RECORDS FOR THIS TASK START

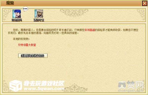 坎特伯雷大教堂是英国最古老、最著名的基督教建筑之一,同时也是世界文化遗产之一。它规模恢弘,并有厚重的人文底蕴,是无价的瑰宝。坎特伯雷大教堂位于洛斯托夫特港口的西方较远处,有一定的探索难度。要求探索的航海家拥有150点以上的探险属性。在探索时,时长要超过30分钟。
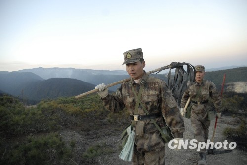 图为参与抢险的驻滇某部队官兵正在巡查清理火场。中新社发 田洪 摄
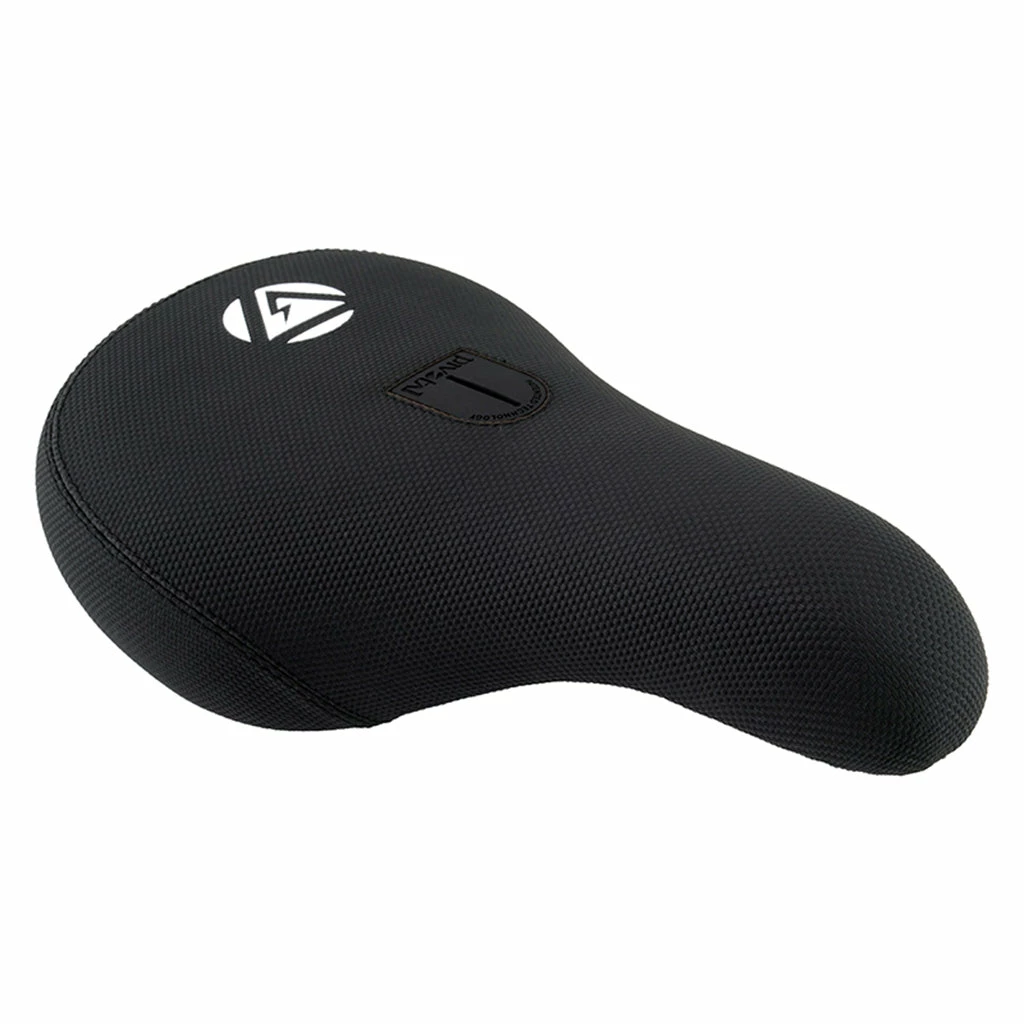 The Black Ops HT-1 Pivotal BMX Seat-Black at J&R Bicycles is a seat built for comfort with a sleek design inspired by the seats in classic muscle cars. This pivotal seat features a classic 3-panel design with a standard pivotal patch on the top for easy access to make quick adjustments. The durable top cover is made of tear-resistant PVC and hides support bumpers located on the front and rear. A high-density foam cushion provides comfort when and where you need it and is mounted to a slim profile base.
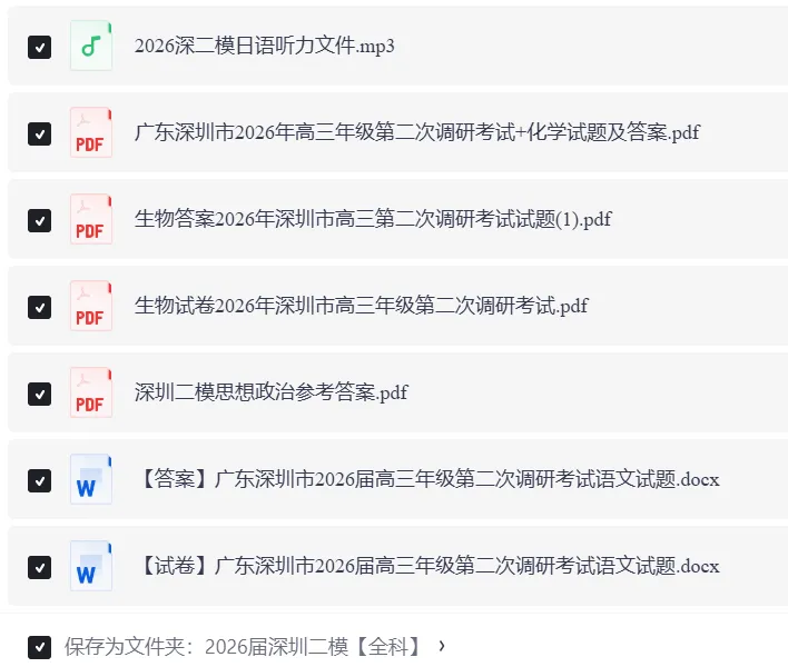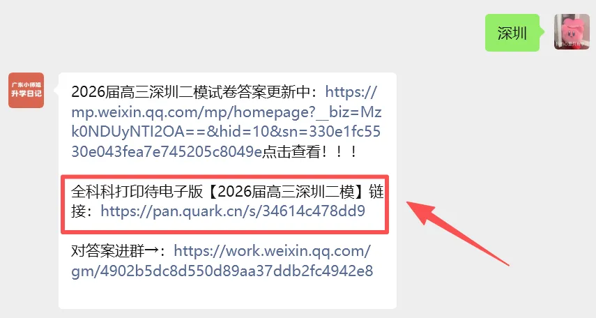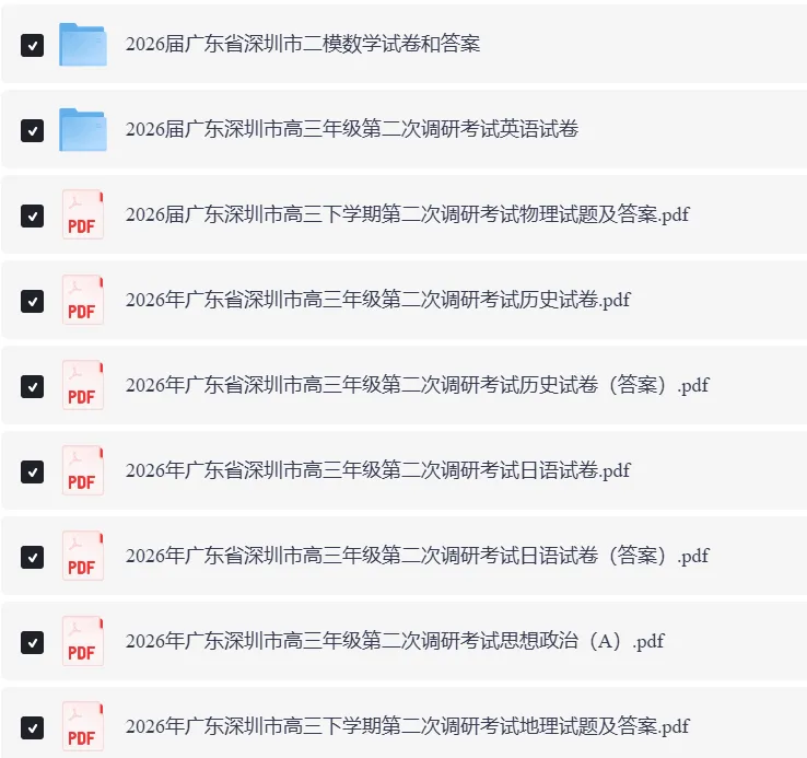 全科可打印!2026深圳二模试题+答案电子版下载!2026年深圳市高三年级第二次调研考试全科模考试卷+答案电子版,请在【广东小师姐升学日记】公众号后台私信“深圳”即可下载完整版文档~部分内容预览👇因文章展示篇幅有限全科模考试卷+答案完整版,请在【广东小师姐升学日记】公众号后台私信“深圳”即可获得完整版文档~广东高考大数据各校分数线、院校介绍、专业选科要求扫码即可进入↓↓
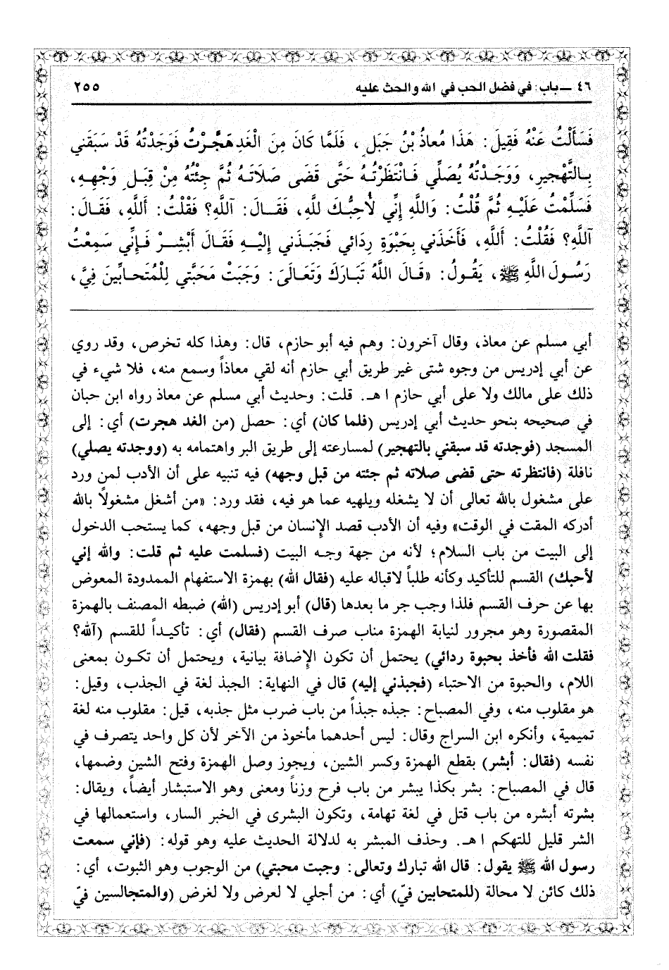 وقال آخرون: وهم فيه أبو حازم، قال: وذا كله تخرّص. وقد روي عن أبي إدريس من وجوه شتى غير طريق أبي حازم أنه لقى معاذاً وسمع منه فلا شيء في ذلك على مالك ولا على أبي حازم اهـ. قلت: وحديث أبي مسلم عن معاذ رواه ابن حبان في صحيحه بنحو حديث أبي إدريس (فلما كان) أي حصل (من الغد هجرت) أي إلى المسجد (فوجدته قد سبقني بالتهجير) لمسارعته إلى طريق البر واهتمامه به (ووجدته يصلي) نافلة (فانتظرته حتى قضى صلاته، ثم جئته من قبل وجهه) فيه تنبيه على أن الأدب لمن ورد على مشغول با تعالى أن لا يشغله ويلهيه عما هو فيه، فقد ورد «من أشغل مشغولاً با أدركه المقت في الوقت» وفيه أن الأدب قصد الإنسان من قبل وجهه كما يستحب الدخول إلى البيت من باب السلام لأنه من جهة وجه البيت (فسلمت عليه ثم قلت: وا إني لأحبك) القسم للتأكيد وكأنه طلباً لإقباله عليه (فقال آ) بهمزة الاستفهام الممدودة المعوض بها عن حرف القسم فلذا وجب جر ما بعدها (قال) أبو إدريس (ا) ضبطه المصنف بالهمزة المقصورة، وهو مجرور لنيابة الهمزة مناب حرف القسم (فقال) أي تأكيداً للقسم (ا، فقلتالله، فأخذ بحبوة ردائي) يحتمل أن تكون الإضافة بيانية، ويحتمل أن تكون بمعنى اللام والحبوة من الاحتباء (فجبذني إليه) قال في «النهاية» : الجبذ لغة في الجذب، وقيل هو مقلوب منه، وفي «المصباح» : جبذه جبذاً من باب ضرب مثل جذبه، قيل مقلوب منه لغة تميمية، وأنكره ابن السراج وقال: ليس أحدهما ماخوذاً من الآخر لأن كل واحد يتصرف في نفسه (فقال أبشر) بقطع الهمزة وكسر الشين، ويجوز وصل الهمزة وفتح الشين وضمها، قال في «المصباح» بشر بكذا يبشر من باب فرح وزناً ومعنى وهو الاستبشار أيضاً. ويقال بشرته أبشره من باب قتل في لغة تهامة، وتكون البشرى في الخبر السار واستعمالها في الشرّ قليل للتهكم اهـ. وحذف المبشر به لدلالة الحديث عليه وهو قوله: (فإني سمعت رسول الله - صلى الله عليه وسلم - يقول: قال الله

RECORDS FOR THIS TASK END

Each entry must be set down word for word; no image may be carried over.

EXERCISE SOLUTION:
 坎特伯雷大教堂是英国最古老、最著名的基督教建筑之一,同时也是世界文化遗产之一。它规模恢弘,并有厚重的人文底蕴,是无价的瑰宝。坎特伯雷大教堂位于洛斯托夫特港口的西方较远处,有一定的探索难度。要求探索的航海家拥有150点以上的探险属性。在探索时,时长要超过30分钟。
 图为参与抢险的驻滇某部队官兵正在巡查清理火场。中新社发 田洪 摄
 The Black Ops HT-1 Pivotal BMX Seat-Black at J&R Bicycles is a seat built for comfort with a sleek design inspired by the seats in classic muscle cars. This pivotal seat features a classic 3-panel design with a standard pivotal patch on the top for easy access to make quick adjustments. The durable top cover is made of tear-resistant PVC and hides support bumpers located on the front and rear. A high-density foam cushion provides comfort when and where you need it and is mounted to a slim profile base.
 全科可打印!2026深圳二模试题+答案电子版下载!2026年深圳市高三年级第二次调研考试全科模考试卷+答案电子版,请在【广东小师姐升学日记】公众号后台私信“深圳”即可下载完整版文档~部分内容预览👇因文章展示篇幅有限全科模考试卷+答案完整版,请在【广东小师姐升学日记】公众号后台私信“深圳”即可获得完整版文档~广东高考大数据各校分数线、院校介绍、专业选科要求扫码即可进入↓↓
 وقال آخرون: وهم فيه أبو حازم، قال: وذا كله تخرّص. وقد روي عن أبي إدريس من وجوه شتى غير طريق أبي حازم أنه لقى معاذاً وسمع منه فلا شيء في ذلك على مالك ولا على أبي حازم اهـ. قلت: وحديث أبي مسلم عن معاذ رواه ابن حبان في صحيحه بنحو حديث أبي إدريس (فلما كان) أي حصل (من الغد هجرت) أي إلى المسجد (فوجدته قد سبقني بالتهجير) لمسارعته إلى طريق البر واهتمامه به (ووجدته يصلي) نافلة (فانتظرته حتى قضى صلاته، ثم جئته من قبل وجهه) فيه تنبيه على أن الأدب لمن ورد على مشغول با تعالى أن لا يشغله ويلهيه عما هو فيه، فقد ورد «من أشغل مشغولاً با أدركه المقت في الوقت» وفيه أن الأدب قصد الإنسان من قبل وجهه كما يستحب الدخول إلى البيت من باب السلام لأنه من جهة وجه البيت (فسلمت عليه ثم قلت: وا إني لأحبك) القسم للتأكيد وكأنه طلباً لإقباله عليه (فقال آ) بهمزة الاستفهام الممدودة المعوض بها عن حرف القسم فلذا وجب جر ما بعدها (قال) أبو إدريس (ا) ضبطه المصنف بالهمزة المقصورة، وهو مجرور لنيابة الهمزة مناب حرف القسم (فقال) أي تأكيداً للقسم (ا، فقلتالله، فأخذ بحبوة ردائي) يحتمل أن تكون الإضافة بيانية، ويحتمل أن تكون بمعنى اللام والحبوة من الاحتباء (فجبذني إليه) قال في «النهاية» : الجبذ لغة في الجذب، وقيل هو مقلوب منه، وفي «المصباح» : جبذه جبذاً من باب ضرب مثل جذبه، قيل مقلوب منه لغة تميمية، وأنكره ابن السراج وقال: ليس أحدهما ماخوذاً من الآخر لأن كل واحد يتصرف في نفسه (فقال أبشر) بقطع الهمزة وكسر الشين، ويجوز وصل الهمزة وفتح الشين وضمها، قال في «المصباح» بشر بكذا يبشر من باب فرح وزناً ومعنى وهو الاستبشار أيضاً. ويقال بشرته أبشره من باب قتل في لغة تهامة، وتكون البشرى في الخبر السار واستعمالها في الشرّ قليل للتهكم اهـ. وحذف المبشر به لدلالة الحديث عليه وهو قوله: (فإني سمعت رسول الله - صلى الله عليه وسلم - يقول: قال الله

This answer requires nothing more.